MOVIE REVIEW: HOME ALONE: THE HOLIDAY HEIST (2012)

Ten years after Home Alone 4 blew up in their faces, Fox Television Studios and the ABC Family Channel thought they could get away with another TV-movie installment of the Home Alone franchise. Featuring another shift away from the McCallister family, The Holiday Heist takes the most basic Home Alone formula and gives it a 21st Century makeover. It’s a bare bones makeover though, as it is still working with a TV-movie budget. While it repeats some of the mistakes of the lesser sequels, it does a few things better.

The Baxter family just moved across the country from California to Maine. Their children spend more time on their phones and video games than they do out in the fresh air, and the kids both agree that the new house is kind of creepy. While young Finn Baxter is freaked out about the local ghost stories about his new home, a trio of bandits have their sights on the home, believing it to contain a hidden room with a valuable painting inside. The thieves move in on the house on a night when the children are there alone while their parents are at a company Christmas party. Finn must use a little ingenuity to ward off the bad guys.

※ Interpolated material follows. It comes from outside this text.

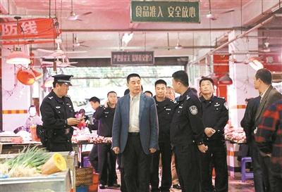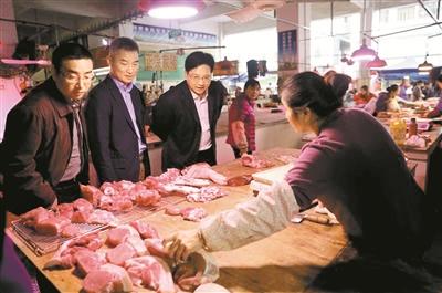龙岗区有关方面负责人检查海吉星市场猪肉档。

While a Home Alone sequel will never be Home Alone without Macaulay Culkin, I appreciate the back-to-basics approach to this film. One complicating factor in the success of this and any future Home Alone movie is the state of 21st Century technology. Cell phones are ubiquitous, and home security systems make a burglar's calling much more difficult. It’s not just ‘cut the phone lines and kill the power’ anymore. This movie works around some of that having the lone cell phone in the house locked in a secret basement room with the older sibling (no signal), and the family being so new to the neighborhood that the Baxters don’t have any connections yet to check in on their kids while they’re at the Christmas party.

The film infuses some gaming culture into the mix, which may or may not work for you, depending on where you fall on the continuum of embracing video gaming. My family doesn’t play video games, so I saw the utility of what they tried to do, but I’m not on board with elevating video gamers to a heroic level like they are here. Finn has a ‘friend’ named Simon that he plays multi-player online games with. They’ve never met, and Simon is an adult (stereotypically living in a tiny single-man-with-no-life style apartment), but he is concerned enough when Finn informs him of the burglar situation that he finds ways to alert Finn’s parents and the authorities.

As for the villains, I was shocked to see both Malcolm McDowell and Debi Mazar reduced to such lightweight characters. McDowell plays Sinclair, the leader of the team, who has more reasons than just money for wanting the painting hidden inside the Baxter’s home. The dialogue between and the behavior of the bandits is the best since Home Alone 2. They’re not too serious nor over the top, but they do make enough poor decisions to not be fully believable. While there is good sibling chemistry between the young actors playing the Baxter children, they don’t rise above TV-movie-tier acting. Maybe it’s wrong of me to dock them for that, but the name Home Alone raises the bar for our expectations.

The booby traps and physical comedy on display are both improvements over the last two films. Many of the traps Finn sets for the bad guys are simple, hearkening back to the original. The filmmakers wisely chose not to try to escalate and outdo the traps of prior films. While some may border on retread territory, it also impairs suspension of disbelief to a lesser degree. There are a few unlikely or improbable set pieces, but they only hop over the line of believability rather than traversing it Evel Knievel style.

Will The Holiday Heist become a Christmas staple? No, but it’s a welcome (though flawed) improvement over the last two. Maybe this is a sign that there is hope for a slightly above average sequel in the future. We don’t really need one, because we’ll always have the first two movies, but you know that won’t stop Hollywood’s thirst for finding more money without coming up with a new, original idea.